> _Description of the task_:
This task asks for the lines from the one with "COOFANDY Sleeveless Beach" to the final line below, repeated exactly, with pictures omitted.

> _Dataset records_:
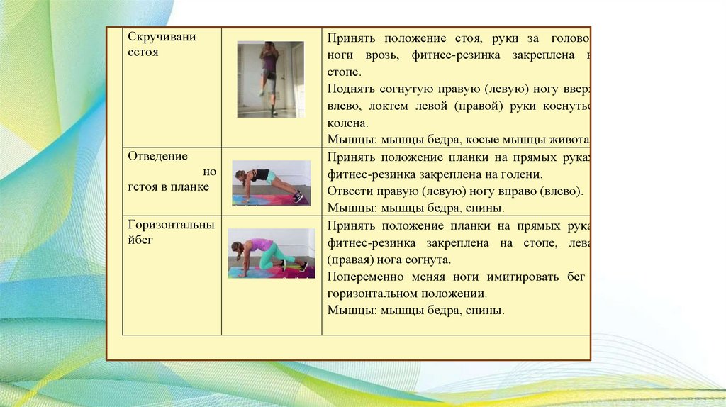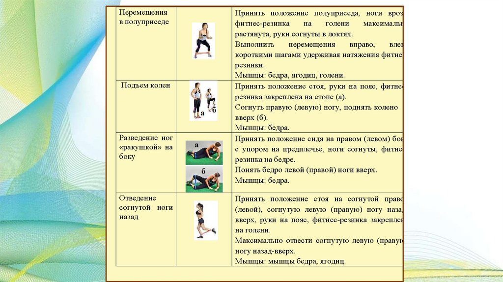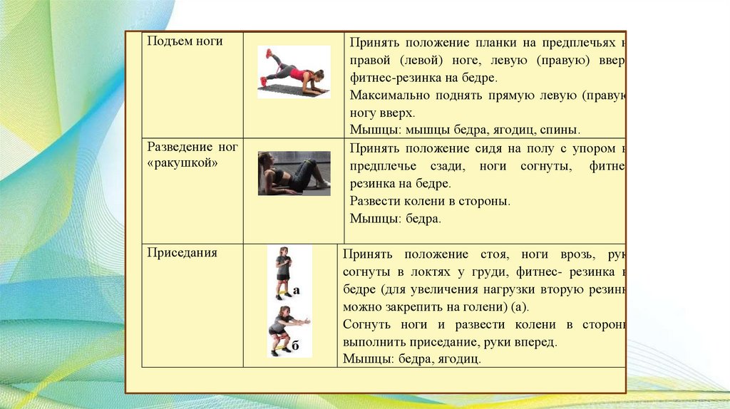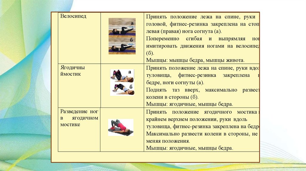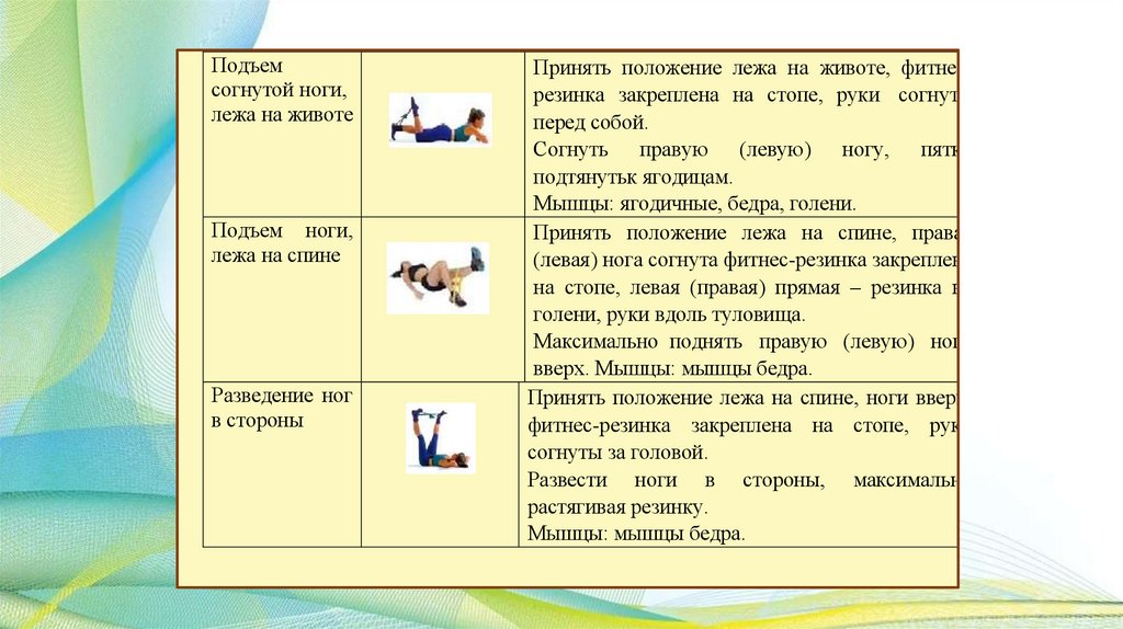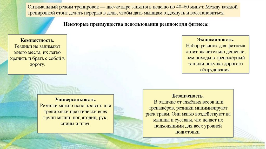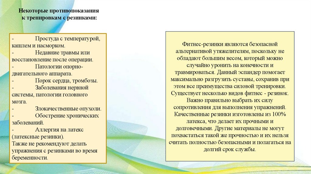 Общая характеристика занятий с фитнесрезинкой:Занятия с фитнес-резинкой — это комплекс упражнений, которые создают нагрузку на разные
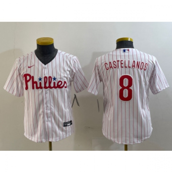 Youth MLB Phillies 8 Nick Castellanos White Nike Cool Base Jersey
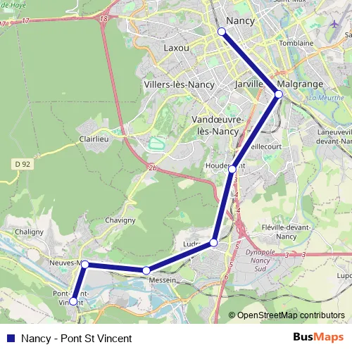 See why over 2 million users trust and consider busmaps.com as the best public transport website. busmaps gives you Nancy Buses suggested routes, real-time bus tracker, line route maps in Nancy, and helps to find the closest Nancy - Pont St Vincent bus stops near you. No internet available? Download an offline PDF map and bus schedule for the Nancy - Pont St Vincent bus to take on your trip.
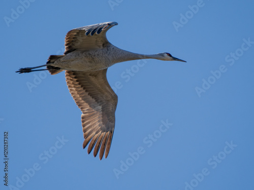 fly, flight, flying, fly up, soaring, wing, wing, blue, sky, sandhill crane, crane, grey, grey, red, big, bird, bird, birding, birding, ornithology, aves, avian, feather, feather, wild, wildlife, animal, animal, nature, beak, bill, north america, fauna, outdoors
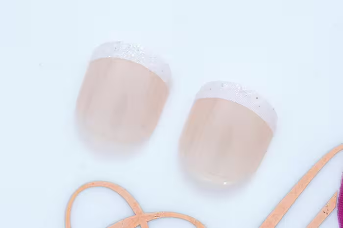 5. 選擇尺寸適合的果凍膠,貼在指甲上,靠近指甲根部位置。
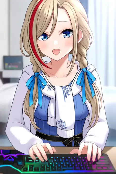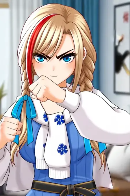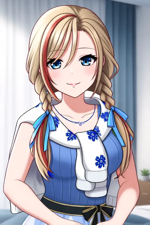 触发词:Kurusu Natsume,动漫风格女孩。图像呈现一位动漫风格的角色,拥有长发,编成两条辫子,发色为金色,带有浅棕与红色发丝点缀。角色拥有鲜明的蓝色眼睛,身着高领白色上衣,内搭蓝色连衣裙,腰间系有黑色腰带。颈部环绕一条白色围巾,饰有蓝色花卉图案。上衣的颈部与肩部系有蓝色丝带。
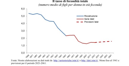 Il dato è sconfortante perché non rappresenta un episodio, ma una chiara tendenza confermata dalle rilevazioni Istat. Il paper di Bankitalia ci consente di avere una buona visione d’insieme nel lungo periodo. Il tasso di natalità in Italia ha un andamento declinante ormai secolare.
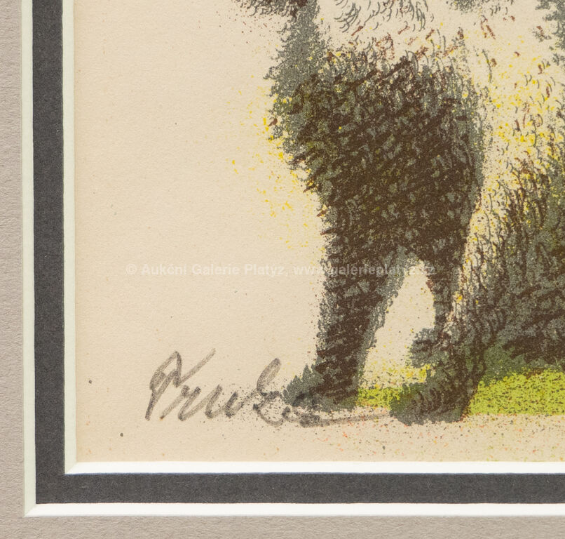 barevná litografie/papír, rozměr ve výřezu 15,5 x 11,5 cm, značeno vlevo dole, paspartováno, zaskleno, rámováno
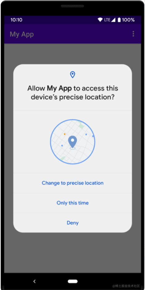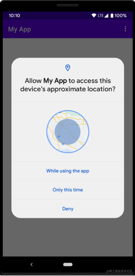 - 为了更好地尊重用户隐私,尽量只请求 ACCESS_COARSE_LOCATION 权限,因为粗略位置信息已经能满足大多数应用场景。仅请求 ACCESS_COARSE_LOCATION 权限时,授权弹窗只有一个选项:
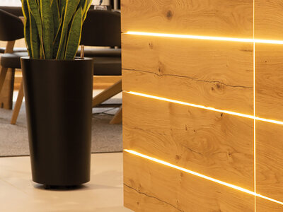 S silikonskim profilom FlipLens za le tri milimetrov širok LED-trak Siro LED Wire, lahko popolnoma zatesnite robove utora in izbirate med dvema kotoma osvetlitve – prozornim ali opalnim lomom osvetlitve. Naši prodajni svetovalci vam bodo z veseljem svetovali.
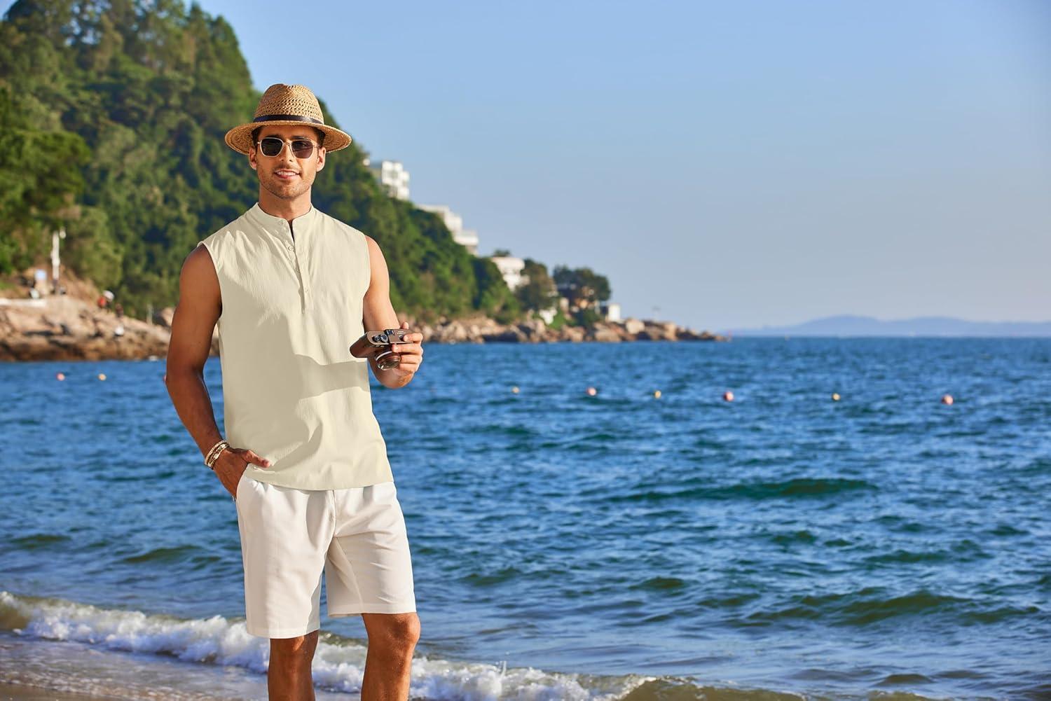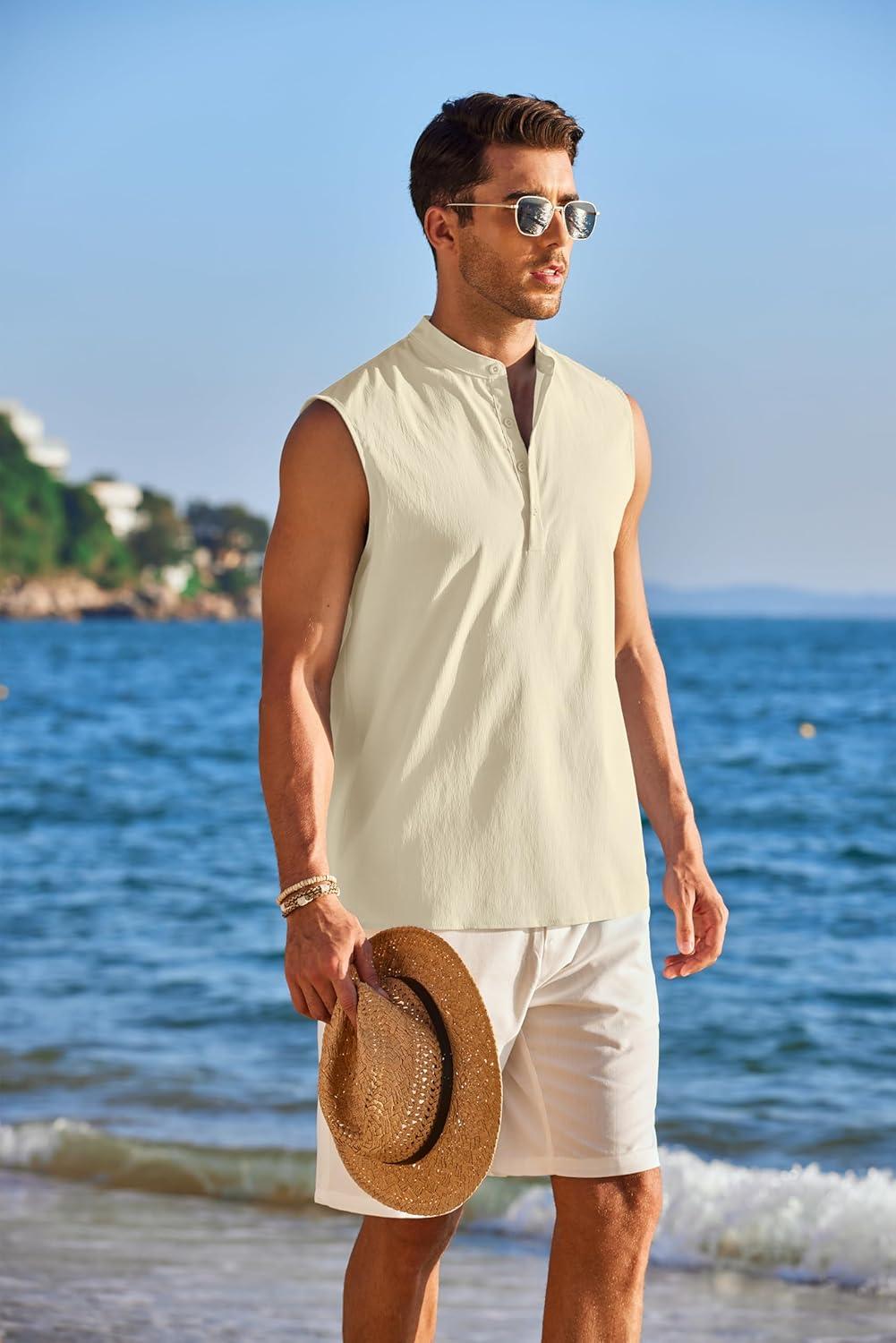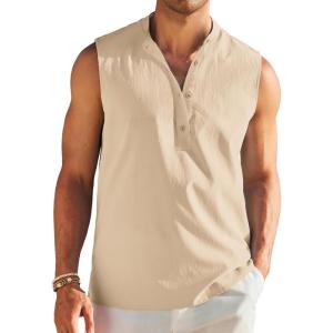 COOFANDY Sleeveless Beach Shirts for Men Summer Tank Shirts Casual Henley Tank Top(Cream)
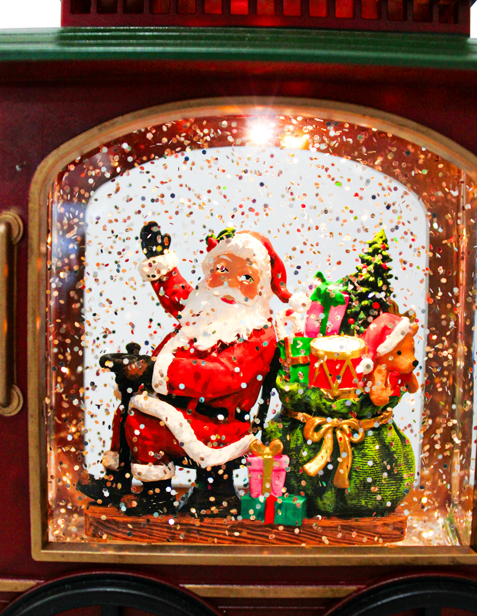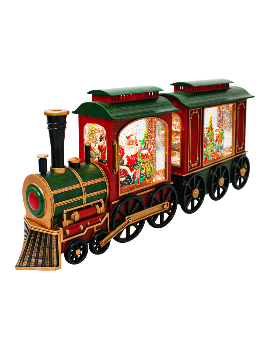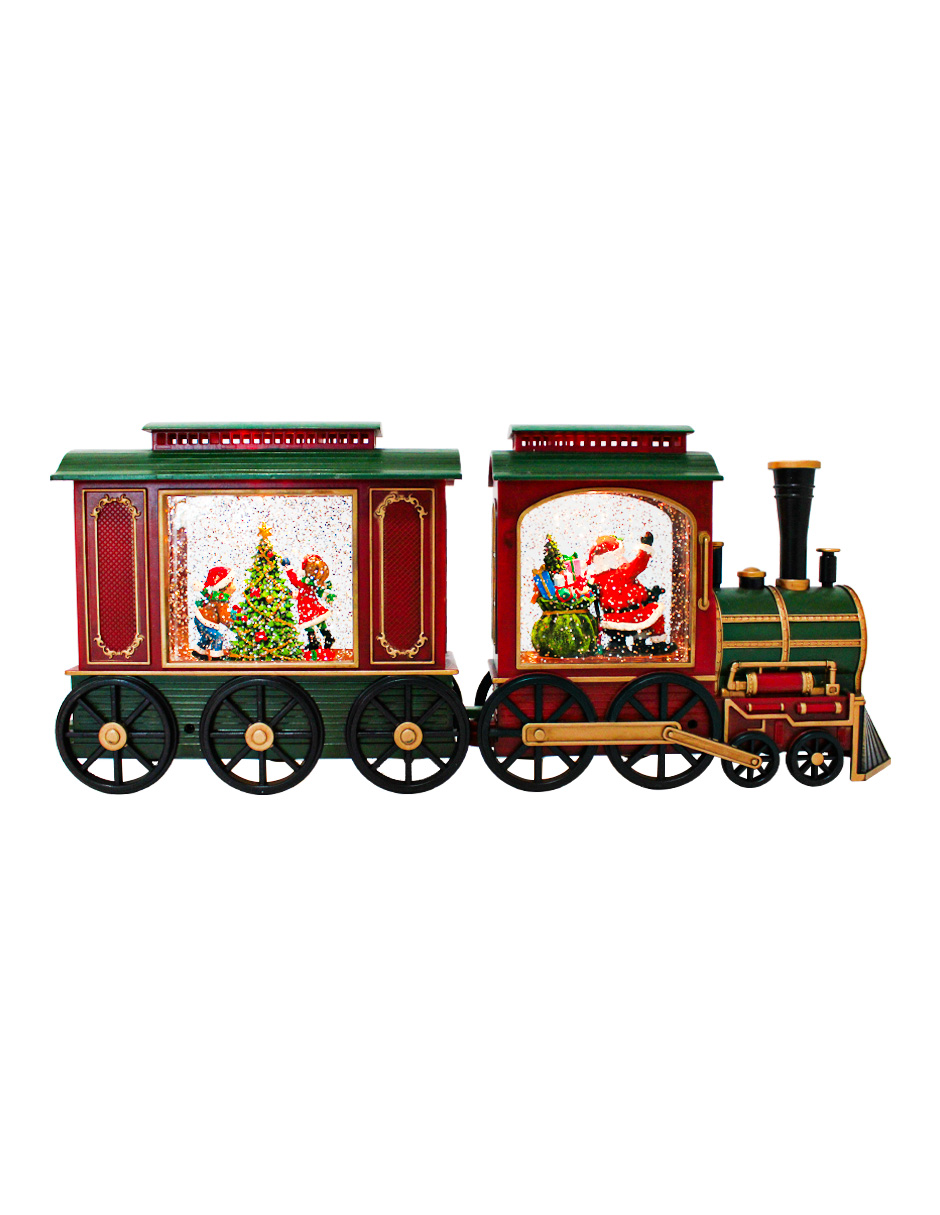 Un festivo tren navideño de poliresina que trae a Santa y un árbol de Navidad a tu hogar. Con medidas de 48x9x19.8cm, esta pieza incorpora luz y movimiento, haciendo que la escena cobre vida. Funciona con baterías 3AA (no incluidas). Es el adorno ideal para mesas o bajo el árbol, despertando la ilusión en grandes y pequeños.

> _Output of the task_:
 COOFANDY Sleeveless Beach Shirts for Men Summer Tank Shirts Casual Henley Tank Top(Cream)
 Un festivo tren navideño de poliresina que trae a Santa y un árbol de Navidad a tu hogar. Con medidas de 48x9x19.8cm, esta pieza incorpora luz y movimiento, haciendo que la escena cobre vida. Funciona con baterías 3AA (no incluidas). Es el adorno ideal para mesas o bajo el árbol, despertando la ilusión en grandes y pequeños.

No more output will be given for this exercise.